Aunt Elizabeth tole me they’d had a couple children before the Aboriginal Elders in Tingha said they must marry, and so they did.

At the time, the women would follow the men as they worked, so wherever that took them, they traveled. They were moving far from the strong cultural sphere that kept families firmly tied to their land and each other to an itinerant life in cramped homes, passed from working family to working family.

It was all part of the disintegration of thousands of years of human history in one fell swoop.

She talked about living with several other people in a small cottage near the railroad grain silos in Delungra, my closest town. She said the townfolks called it ‘the yellow shed’ because of the indigenous families who routinely lived there.

Aunt Elizabeth never had a formal education, never had a chance of being a doctor or teacher or to own her own business. She spoke of family whose children were all taken away. One couple lived out of a water tank at Goonoowigall and both died not long after the kids were removed.

She believes, as the rest of her family does, they died from broken hearts.

She raised her brother’s children at Guyra when he lost his wife, and when he married again and the second wife dies as well, she raised them, too.

Along with her daughter Barbara, she raised 15 Aboriginal foster children.

Aunt Elizabeth must be a master at mothering, for all these kids grew to be strong adults.

*****

As the story unraveled and draped around my mind in images and thoughts, I had several quake of revelation.

This woman never shared a life experience of any white woman counterpart I’ve ever spoken with.

Her father worked in effect as a slave and she put in many years without parents, without the security of love and certainty as a young child or teenager.

Their land removed, their language last, their culture under attack from settlers, Aunt Elizabeth and thousands of other Aboriginal people were forced to work in jobs they did not want to make a living in a white-dominated world.

Hers is a story of survival that should not have to be in a 20th century country free from fascism, yet you could say upon Indigenous Australians, fascism acted, well and truly.

*****

I suppose though the details of Aunt Elizabeth’s life on their own seemed unsurprising if you have any grasp on Aboriginal history since settlement.

I’ve heard some of the very worst. I know about the massacres, about the discrimination, the killings, the societal burdens of substance abuse, incarceration numbers, crippling socioeconomic issues, educational inequity, domestic abuse, employment deficits.

So much of this relies upon the destruction of an entire population by white people.

I have the knowledge, I witness the impacts across the region every time I’m in town, but those things translated through Aunt Elizabeth’s mouth after nearly nine decades of life, it was shattering to me. It was a while different thing.

Put all together, I felt that I might have been sitting with a strong, proud woman who had lived through US slavery in the mid-1800s. How I saw my questions was through a different lens than that which her answers came, though she had the advantage.

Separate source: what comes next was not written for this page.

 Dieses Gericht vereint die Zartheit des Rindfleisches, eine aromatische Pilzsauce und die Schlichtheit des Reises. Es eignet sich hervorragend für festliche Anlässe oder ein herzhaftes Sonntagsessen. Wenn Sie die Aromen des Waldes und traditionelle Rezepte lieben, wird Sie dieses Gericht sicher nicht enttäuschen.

She can span these two cultures because she has had to do so for a lifetime.

Aunt Elizabeth endured this life. She lost too many relations I could count, two children, her husband in a tragic accident with other family.

She copped the racism, the pure unfairness of life because her skin and community were different to the white people who made all the rules. Aunt Elizabeth deserved the exactly same rights as any other woman, as any other person, but she would have been routinely denied these rights.

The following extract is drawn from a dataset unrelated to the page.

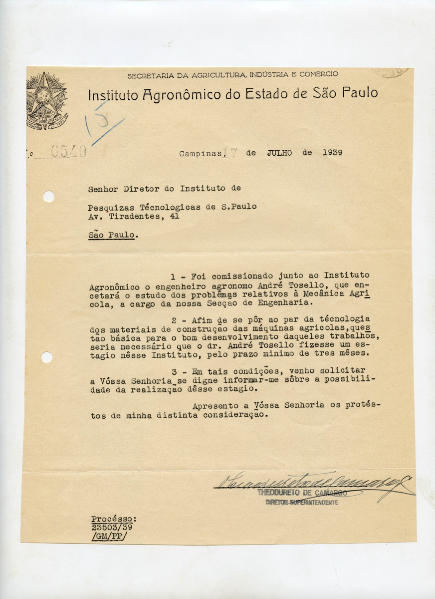 Solicitação de que, a fim de se pôr a par da tecnologia dos materiais de construção de máquinas agrícolas, seria necessário que o dr. André Tosello fizesse um estágio no IPT, pelo prazo mínimo de três meses; Em resposta, a solicitação é aprovada e é apresentado o programa pelo qual ele cumprirá esse estágio

This woman had been transported from the life to which she was rightfully born, witnessed it torn from her and her family and friends, and had to reassemble the bits to make a brand-new life with its own set of difficulties and prejudices to confront.

I was honored to hear the story of her life.

It taught me yet more about the Aboriginal community, and really emphasized the inequities of our world, and the microcosm of this neck of this neck of the woods where people still choose to hate or reject knowledge, and those, like Aunt Elizabeth, who have the capacity to survive and excel against the odds.

 

-The featured image is, of course, Elder, Aunt Elizabeth Connors on her veranda in Inverell, NSW. Aunt Elizabeth passed away in 2020 at the age of 94.